Sampai sekarang siswa masih beranggapan bahwa mata pelajaran PPKN itu sangat sulit dan tidak menyenangkan, kesannya membosankan, merasa tertekan bahkan lebih seram lagi dikatakan menakutkan, seperti yang terjadi pada kelas VIII-A SMPN 1 Kokop Bangkalan pada tahun pelajaran 2020/2021. Dari 26 siswa yang terdiri dari laki-laki 14 orang dan 12 perempuan, maka dari jumlah keseluruhan hanya 12 atau 46% siswa yang mencapai KKM, sedangkan yang 56% belum mencapai KKM. sedangkan KKM dipatok dengan nilai 65. Oleh karena itu peneliti ingin memperbaiki hasil belajar siswa dengan melakukan pembelajaran dengan menggunakan Quantum Learning. Yaitu dengan peelitian berjudul “Penerapan Model Pembelajaran Quantum Learning Untuk Meningkatkan Pembelajaran PPKN Materi Mewujudkan Semangat dan Komitmen Kebangsaan Dalam Kehidupan Kelas VIII-A SMPN 1 Kokop Bangkalan”. Adapun hasil kegiatan tersebut diperoleh peningkatan hasil belajar siswa yang dibuktikan dengan hasil siklus I penguasaan materi pelajaran PPKN siswa atau hasil daya serap siswa rata-rata 70. Akan tetapi ketuntasan secara individu belum tercapai, sebab dari 26 siswa yang tuntas ada 16 siswa atau 61%, sedangkan siswa yang tidak tuntas ada 10 siswa. Oleh sebab itu masih diperlukan perbaikan pada siklus berikutnya, untuk mengatrol dan mengaktifkan siswa, yaitu dengan kembali menggunakan teknik model pembelajaran Quantum Learning, perhatian guru pada semua kelompok ditingkatkan, serta suara dan pengelolaan guru juga ditingkatkan. Maka hasil kegiatan pada siklus 2 tingkat penguasaan materi cukup berhasil. Hal ini ditandai dengan hasil analisis tingkat penguasaan materi pelajaran PPKN siswa atau hasil daya serap siswa rata-rata 80. Ketuntasan secara individu dari 26 siswa yang tuntas ada 22 siswa atau 84%, sedangkan siswa yang tidak tuntas hanya ada 4 siswa atau 14%. Kegiatan pembelajara berhasil. Ketuntasan telah mencapai standar, maka dianggap telah cukup dan tidak dilanjutkan lagi pada siklus berikutnya atau pembelajaran diakhiri.

 

References

Amir, Taufiq, M .2009. Inovasi Pendidikan Melalui Problem Based Learning: Bagaimana Pendidik Memberdayakan Pemelajar Di Era Pengetahuan. Jakarta: Prenada Media Group.
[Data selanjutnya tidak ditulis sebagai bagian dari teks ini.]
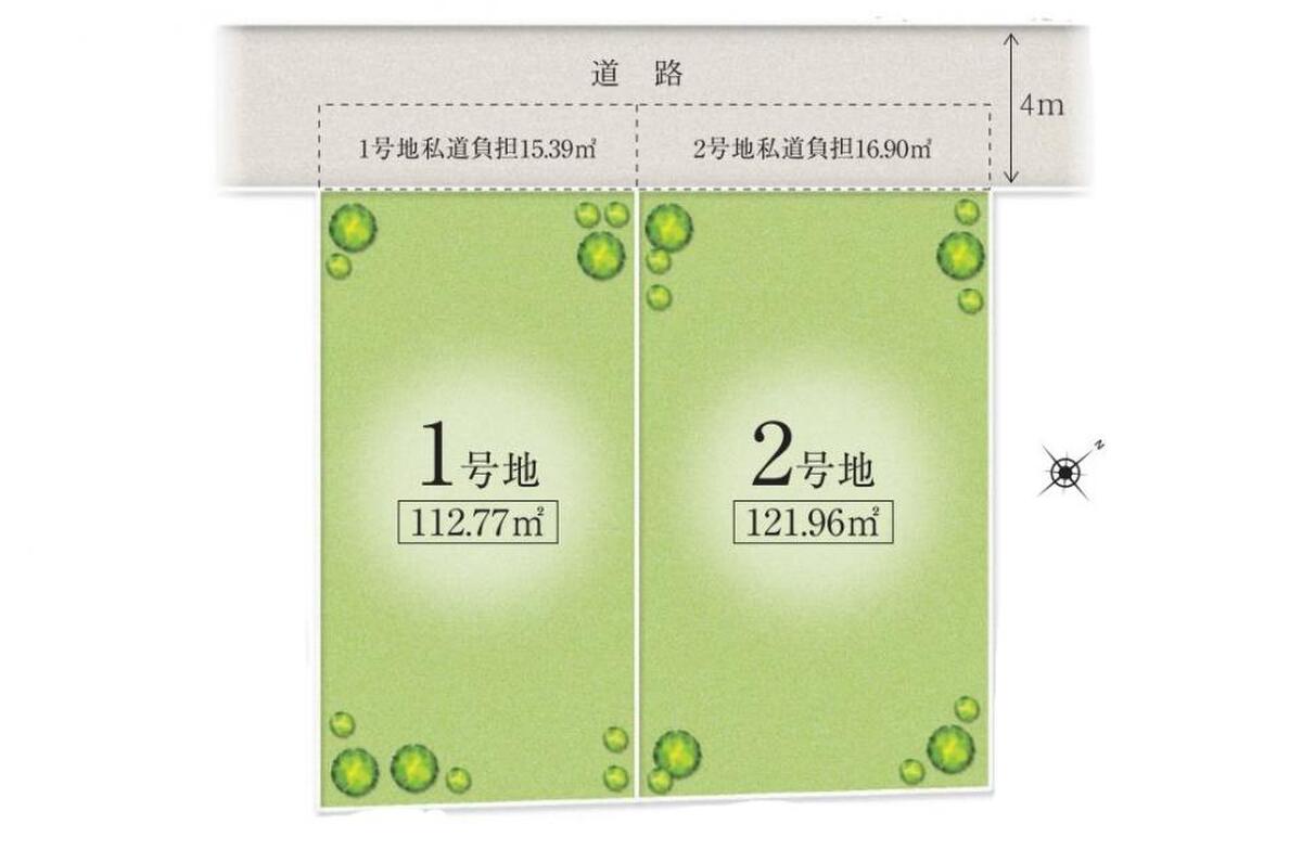 ※その他特記事項:本物件は令和4年3月31日出火し全焼した跡地、特にけが人等はありませんでした。 ※私道負担:建築確認申請前に43条の許可の取得が必要です。 前面道路の中心から半分(約2m)が私道負担になります。 他の半分が他人地で現状建物(4棟)の前をそれぞれ所有してます。 内3件は通行と掘削の同意書を取得してますが、向かって一番右側については未取得です。 ※この土地は土地売買契約後3ヶ月以内に当社と建築請負契約を結んで頂くことを停止条件として販売します。この期間内に建築請負契約が成立しない場合は、売買契約は無かったことになり、申し込み金その他お預かりした金員は全額無条件にて返還します。 ※長期優良住宅を標準仕様としておりますが、建築条件や販売時期等により一部対象外となる場合がございます。あらかじめご了承ください。 |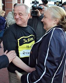 Полковник ГРУ Владимир Квачков (слева) с женой после освобождения. В Московском областном суде коллегия присяжных оправдала троих обвиняемых по делу о покушении на главу РАО ЕЭС Анатолия Чубайса в марте 2005 года.

Arikunto, S. 2002. Dasar-Dasar Evaluasi Pendidikan. Jakarta: Bumi Aksara.
Arikunto, S 2002. Prosedur Penelitian, Pendekatan Suatu Praktek. Jakarta: Rineka Cipta.
Djiwandono, M. Soenardi. 1996. Tes bahasa dalam pengajaran. Bandung: Penerbit ITB.
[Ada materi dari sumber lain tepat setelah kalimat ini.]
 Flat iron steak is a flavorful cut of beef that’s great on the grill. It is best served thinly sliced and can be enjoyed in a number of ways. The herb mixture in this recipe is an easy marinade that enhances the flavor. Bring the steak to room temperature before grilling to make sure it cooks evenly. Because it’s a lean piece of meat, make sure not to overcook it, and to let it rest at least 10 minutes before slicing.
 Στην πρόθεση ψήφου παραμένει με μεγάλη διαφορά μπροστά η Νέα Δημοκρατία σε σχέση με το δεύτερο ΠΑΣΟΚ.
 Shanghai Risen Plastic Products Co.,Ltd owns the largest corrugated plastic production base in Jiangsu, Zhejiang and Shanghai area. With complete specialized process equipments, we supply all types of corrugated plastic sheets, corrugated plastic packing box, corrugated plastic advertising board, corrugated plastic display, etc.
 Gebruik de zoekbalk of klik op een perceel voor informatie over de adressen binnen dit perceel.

Depdikbud. 2002. Petunjuk Pelaksanaan Proses Belajar Mengajar. Jakarta: Depdikbud.
DePorter, Bobbi & Mike Hernacki. (2000).Quantum Learing Membiasakan Belajar Nyaman dan Menyenangkan. Bandung: Penerbit Kaifa.
Dimyati dan Moedjiono. 2003. Strategi Belajar Mengajar. Jakarta: Rieneka Cipta.
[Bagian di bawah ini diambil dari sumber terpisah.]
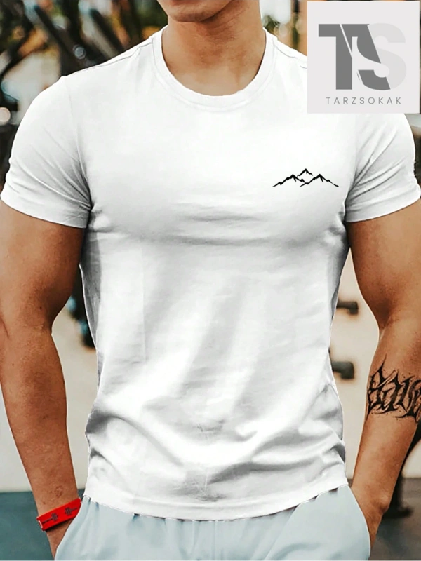Homme Erkek Dağ Desenli Tişört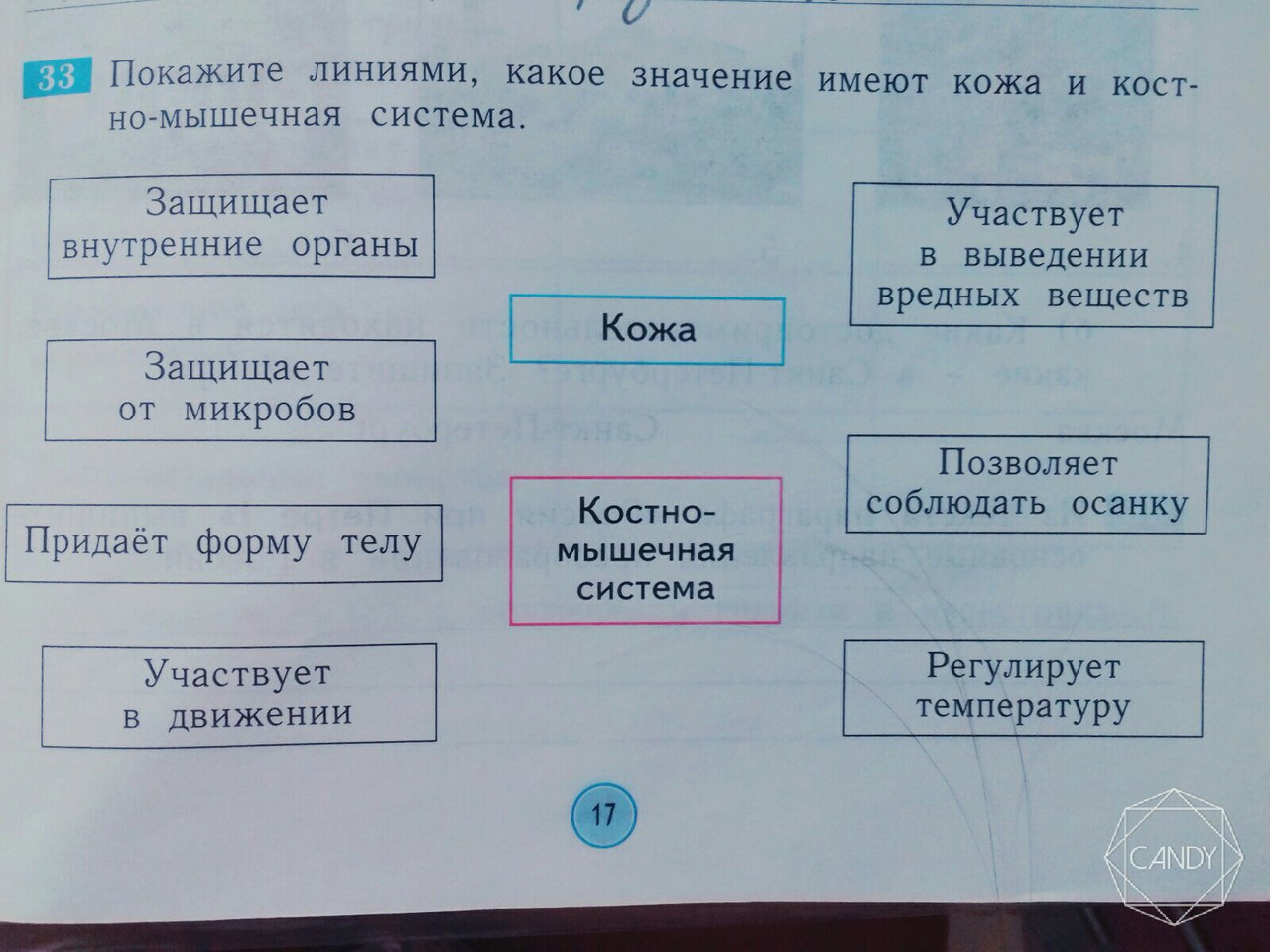 Покажите линиями, какое значение имеют кожа и костно-мышечная система.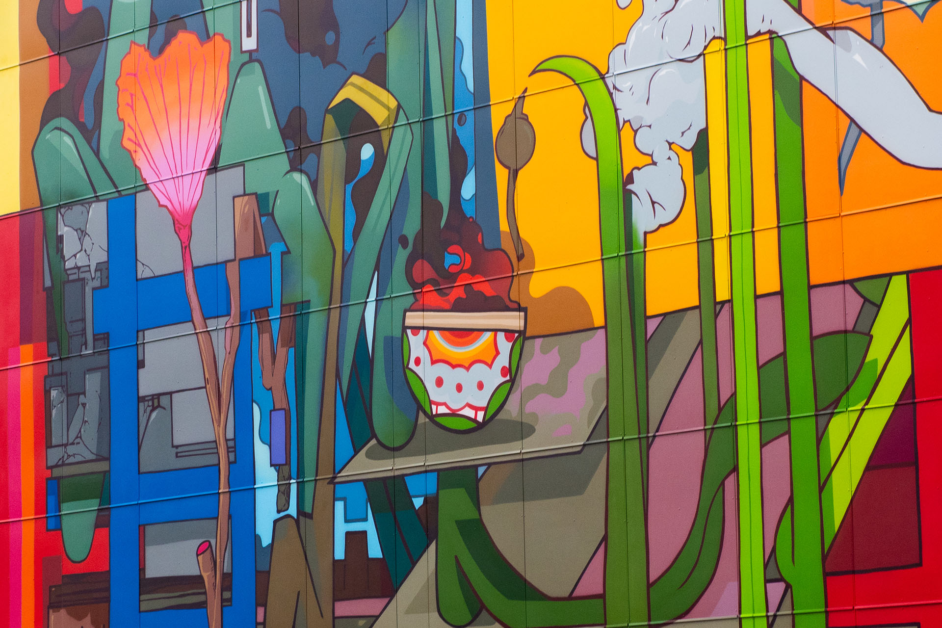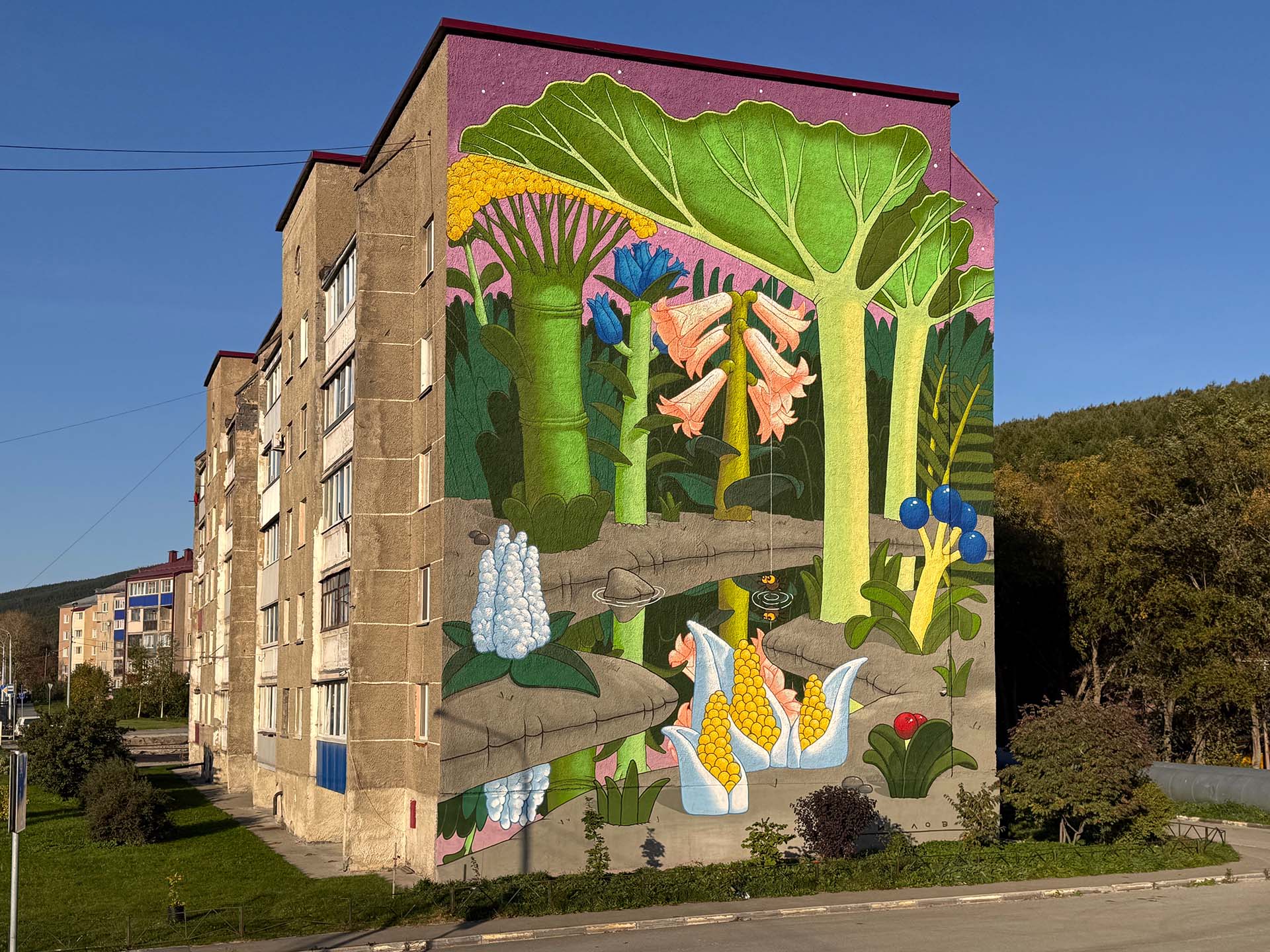 Сахалинская флора стала ключевым героем красочной работы севастопольского художника. Тут есть и ягода шикша, или водяника — эндемик Дальнего Востока, и садовая наперстянка. Растения здесь намеренно увеличены в масштабе и лишены ботанической точности: знакомые формы превращаются в самостоятельных персонажей, существующих в собственном ритме и не зависящих от времени. В своих работах Алексей Kislow часто создаёт парадоксальных персонажей, наделённых символизмом, и вписывает их в городскую среду. Так получилось с Антоном Чеховым, знаменитым гостем острова и автором документальных очерков о нём, его образ художник воплотил в ещё одном мурале в рамках проекта.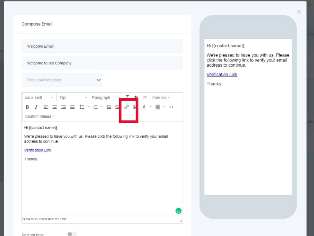 And this is the email we've composed that is sent when the contact submits the form. Note that the verification link is already added.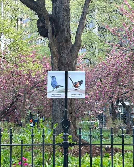Downtown naturalist photog Gail Karlsson has her photos of local birds on new vinyl lamppost banners in City Hall Park. The Friends of City Hall Park will also be doing bird crafts for kids tomorrow, Earth Day, Wednesday, April 22, from noon to 4p.

Ekayanto, Rachmad. 2011. Peningkatan Hasil Belajar PKn Melalui Model Quantum Learning Bagi Siswa Kelas IV di SDN Sidomulyo 08 Kecamatan Silo Jember Semester Dua Tahun 2011/2012. PTK Tidak Diterbitkan. Jember: SDN Sidomulyo 08.
Gino, J. 2000. Belajar dan Pembelajaran. Surakarta: UNS Press.
Hilda Karli. 2012. Model Pembelajaran untuk Mengembangkan Keterampilan Berpikir. Jurnal: Pendidikan Penabur. 18. Tahun ke-11.
Miftahul A’la. 2010. Quantum Theaching. Jogjakarta: DIVA Pres.
Nurhadi, Ali .2016. Profesi Keguruan : Menuju Pembentukan Guru Profesional. Kuningan, Jawa barat : Goresan Pena. ISBN 978-602-364-117-8
Slameto, 2003. Metode Pembelajaraan. Jakarta: Rieneka Cipta.
Sudirman, A. 2000. Interaksi dan Motivasi Belajar Mengajar.Jakarta: Raja Grafindo Persada.
Oemar Hamalik. 1995. Kurikulum dan Pengajaran. Bandung : Bumi Aksara.
Sugandi. (2004). Teori Pembelajaran. Semarang: Unnes Press.
Syaiful Bahri Djamarah. 2002. Psikologi Belajar. Jakarta: Rineka Cipta.
Udin S. Winataputra, dkk. 2003. Strategi Belajar Mengajar. Jakarta: Pusat Penerbitan Universitas Terbuka.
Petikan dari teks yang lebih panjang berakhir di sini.